**How to complete this task:**
Look through the data below and output, unchanged, every line from the one holding "HOT ! Halloween" through the one holding "우리 신체에서 신장의", inclusive. Skip the pictures.

**Supplied entries:**
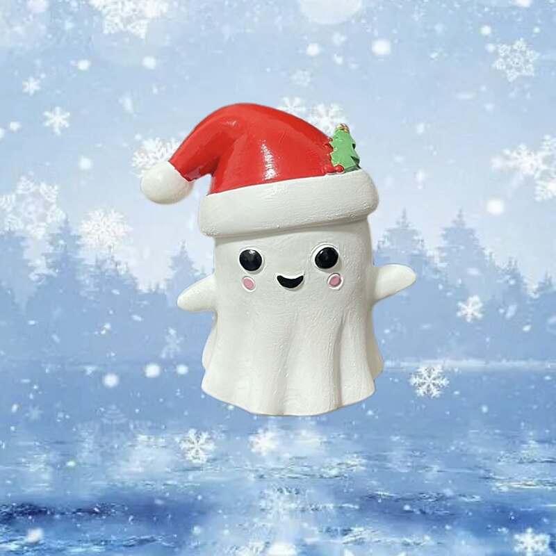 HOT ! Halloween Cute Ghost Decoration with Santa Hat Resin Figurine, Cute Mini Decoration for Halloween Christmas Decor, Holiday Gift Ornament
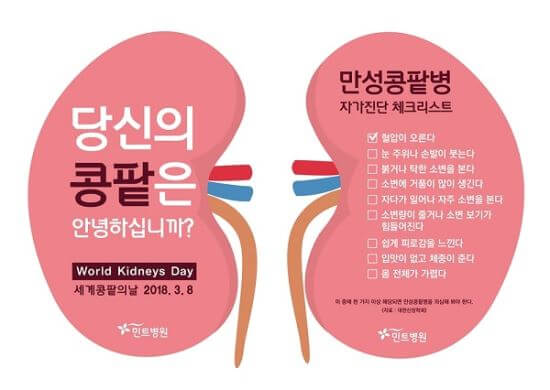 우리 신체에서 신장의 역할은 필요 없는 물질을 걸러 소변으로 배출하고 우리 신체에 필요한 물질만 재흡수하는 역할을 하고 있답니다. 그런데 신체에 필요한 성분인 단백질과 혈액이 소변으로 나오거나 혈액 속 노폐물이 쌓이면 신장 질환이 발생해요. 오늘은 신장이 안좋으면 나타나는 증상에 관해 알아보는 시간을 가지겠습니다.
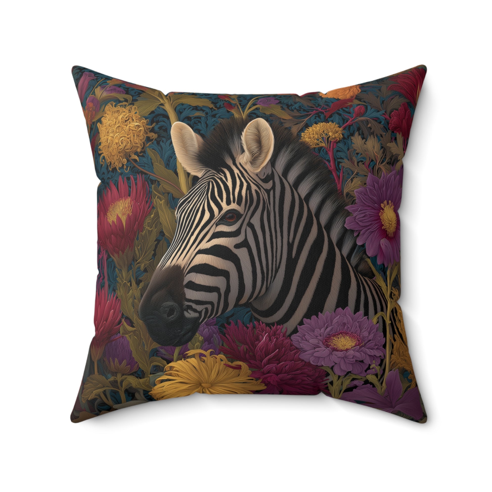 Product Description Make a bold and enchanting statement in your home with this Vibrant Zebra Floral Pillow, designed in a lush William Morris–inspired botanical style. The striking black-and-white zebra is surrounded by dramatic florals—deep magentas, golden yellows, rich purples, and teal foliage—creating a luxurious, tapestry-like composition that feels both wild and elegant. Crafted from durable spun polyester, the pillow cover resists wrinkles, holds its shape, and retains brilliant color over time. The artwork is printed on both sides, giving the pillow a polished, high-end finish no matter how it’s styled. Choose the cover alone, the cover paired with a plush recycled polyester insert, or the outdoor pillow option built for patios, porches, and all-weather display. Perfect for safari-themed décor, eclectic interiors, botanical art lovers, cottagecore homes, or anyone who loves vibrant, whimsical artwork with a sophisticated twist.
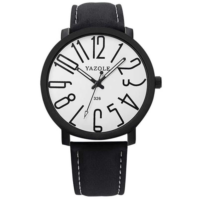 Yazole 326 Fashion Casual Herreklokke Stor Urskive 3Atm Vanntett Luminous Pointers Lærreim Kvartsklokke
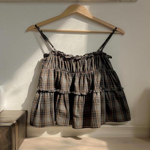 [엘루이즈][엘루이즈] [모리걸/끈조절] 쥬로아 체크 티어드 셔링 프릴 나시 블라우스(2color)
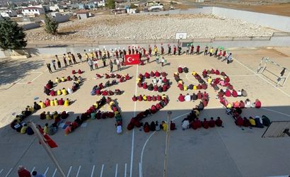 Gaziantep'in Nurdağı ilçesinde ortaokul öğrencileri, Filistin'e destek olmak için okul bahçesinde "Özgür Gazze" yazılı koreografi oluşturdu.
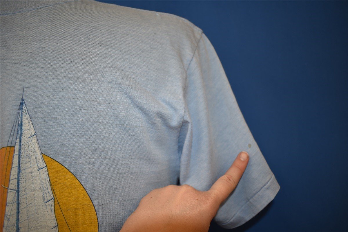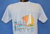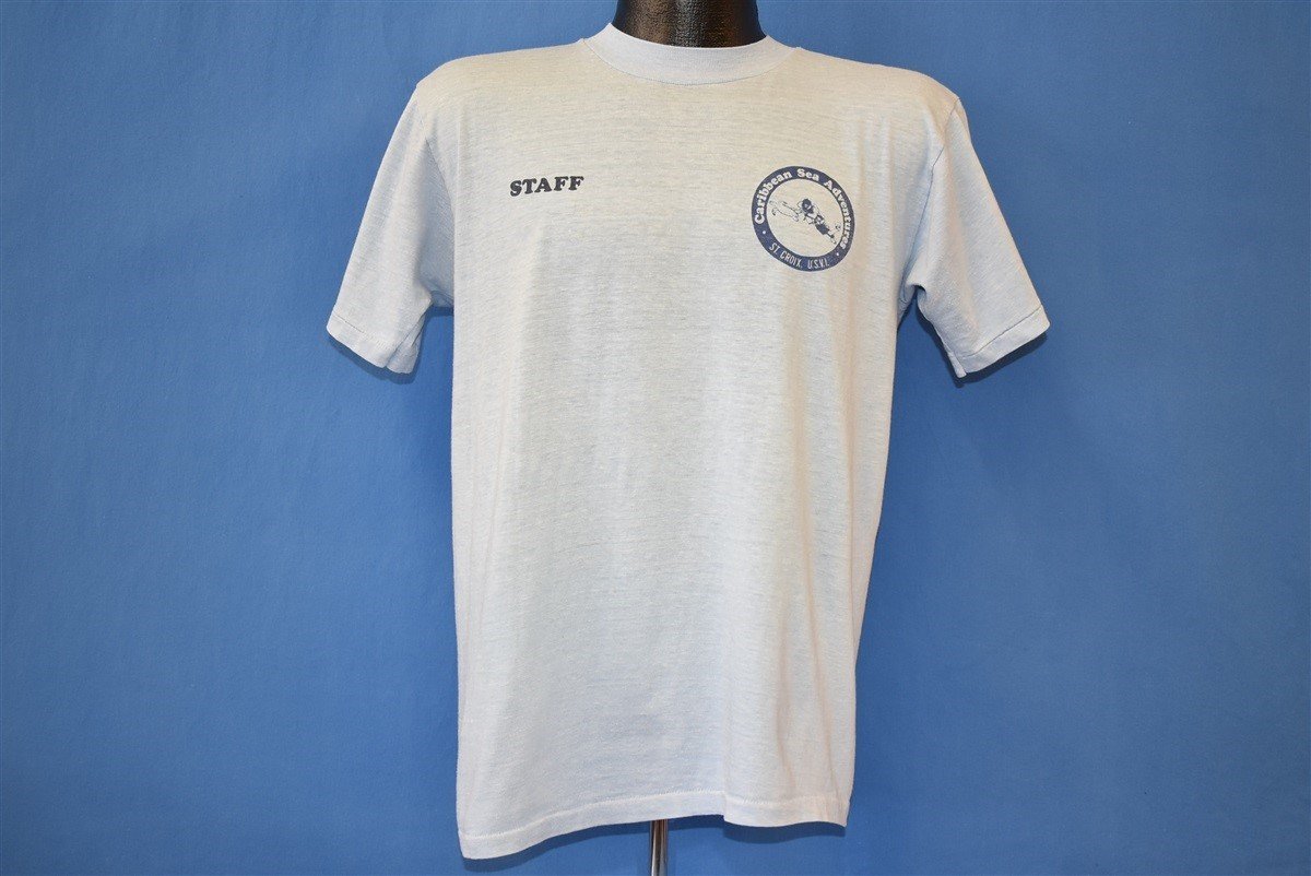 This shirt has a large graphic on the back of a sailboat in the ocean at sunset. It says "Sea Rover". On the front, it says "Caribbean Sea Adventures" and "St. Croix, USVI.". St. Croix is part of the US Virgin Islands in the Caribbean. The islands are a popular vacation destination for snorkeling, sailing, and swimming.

--

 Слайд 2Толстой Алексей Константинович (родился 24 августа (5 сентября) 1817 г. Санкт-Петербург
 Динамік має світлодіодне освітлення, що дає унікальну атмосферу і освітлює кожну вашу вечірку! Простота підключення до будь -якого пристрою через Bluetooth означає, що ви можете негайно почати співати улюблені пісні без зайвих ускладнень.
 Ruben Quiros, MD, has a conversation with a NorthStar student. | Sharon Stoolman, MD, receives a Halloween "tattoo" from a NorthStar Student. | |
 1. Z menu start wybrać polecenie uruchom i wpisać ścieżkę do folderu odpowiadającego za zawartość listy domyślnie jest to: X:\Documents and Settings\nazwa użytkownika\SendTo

**Answer to the problem:**
 HOT ! Halloween Cute Ghost Decoration with Santa Hat Resin Figurine, Cute Mini Decoration for Halloween Christmas Decor, Holiday Gift Ornament
 우리 신체에서 신장의 역할은 필요 없는 물질을 걸러 소변으로 배출하고 우리 신체에 필요한 물질만 재흡수하는 역할을 하고 있답니다. 그런데 신체에 필요한 성분인 단백질과 혈액이 소변으로 나오거나 혈액 속 노폐물이 쌓이면 신장 질환이 발생해요. 오늘은 신장이 안좋으면 나타나는 증상에 관해 알아보는 시간을 가지겠습니다.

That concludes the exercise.